Before starting my academic career, I had been working as a journalist for over a decade in Russia. One of my favourite workplaces was the newsroom of the leading independent TV channel NTV. I was doing night and day shifts as the international news editor and reporter, but rarely felt tired thanks to the amazing drive of telling balanced news to the people. We were a great team of young professionals the editor-in-chief was barely in his late 20s. We gave all we had to the job, we would spend 40 minutes brainstorming a single opening line to a report. Creativity, amazing language and cultural references, when appropriate, cinematographic edits and thought-provoking explanations were as important to us as the objectivity of news reporting.
Then something happened. In mid-2000s, the Kremlin has turned an eye at free press. New management flew in, while the previous, liberal-minded administration was forced to leave the TV channel. The creatives were the first ones who fled our newsroom. One of the incredible things I have learned in that experience is that talented, enthusiastic people cannot breathe censorship when a journalist knows that they are not allowed to pronounce certain names or give air time to certain events, they not only curb the information they provide, but also curb their enthusiasm. And this is the dead end to creative, challenging journalism. I was not the most talented of the group, I was still in my early 20s, but I left soon after all the people I looked up to were no longer in the building. NTV channel is still out there, it looks very different now, and the quality of the news is incomparable to the golden era I was lucky to witness and contribute to.
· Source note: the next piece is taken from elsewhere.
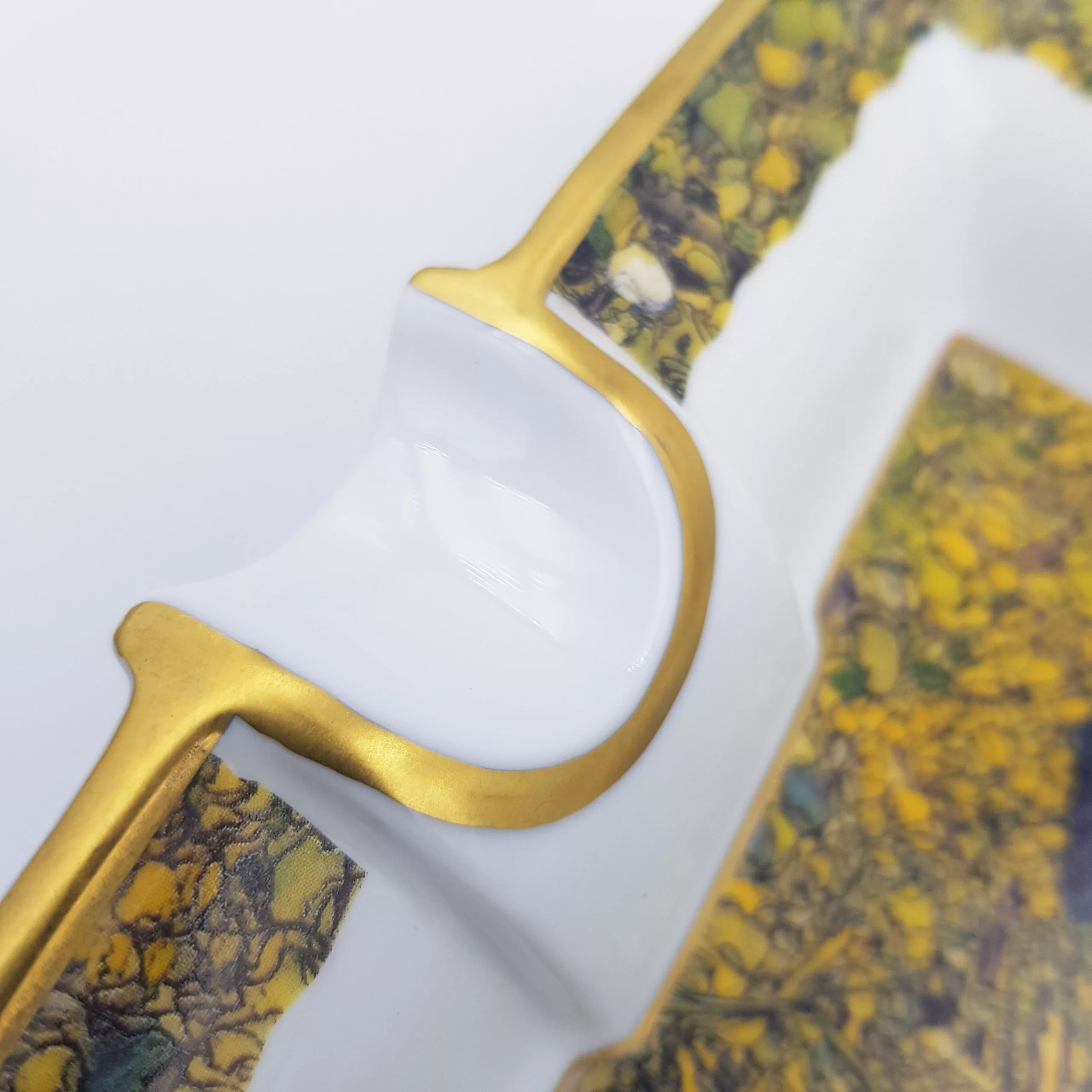 Elegant rectangular luxury porcelain ashtray or trinket tray from prestigious manufacture of RAYNAUD Limoges, for cigarettes or big cigars.

Frustrated and disillusioned, I was then drawn to the new stems of creativity that came from the place I expected the least political protest. Creativity cannot be contained for long it found an outburst in the resistance. In Russia known for the passive, conformist population, something has changed in the early 2010s. Thousands of people went to the streets of major cities to express their rage at the corrupt elections. They organised via social networks, where they published stories and memes to unite the like-minded crowds they even printed memes on the placards that they took to the squares!
Now, almost ten years later, it has become clear that memes are present, impactful and here to stay, not only in Russia, of course, but all over the world the examples ranging from Azerbaijan to the US illustrate that these instantly shareable, humorous bits of information and opinion play a significant role in modern, digital politics. This book covers the development of the concept of memes, its role in society and politics, as well as most recent investigations in the impact of memes on society in the Russian Crimean annexation in 2014 and the US presidential election in 2016. It offers an innovative vision of the concept, format and roles of memes. Importantly, this work addresses the gap in the research on memes in both Western and non-Western countries.
The book examines Internet memes as one phenomenon of digital communication. Having derived from the emoticons and geeky jokes from online forums, they have developed into significant means of information, interaction and political deliberation in the 2010s. Nowadays, millions of users communicate information, opinion and emotions through this peculiar vehicle of self-expression. This book builds upon the existing definitions, offers new nuances and finally provides a complete working conceptualisation of memes for media studies.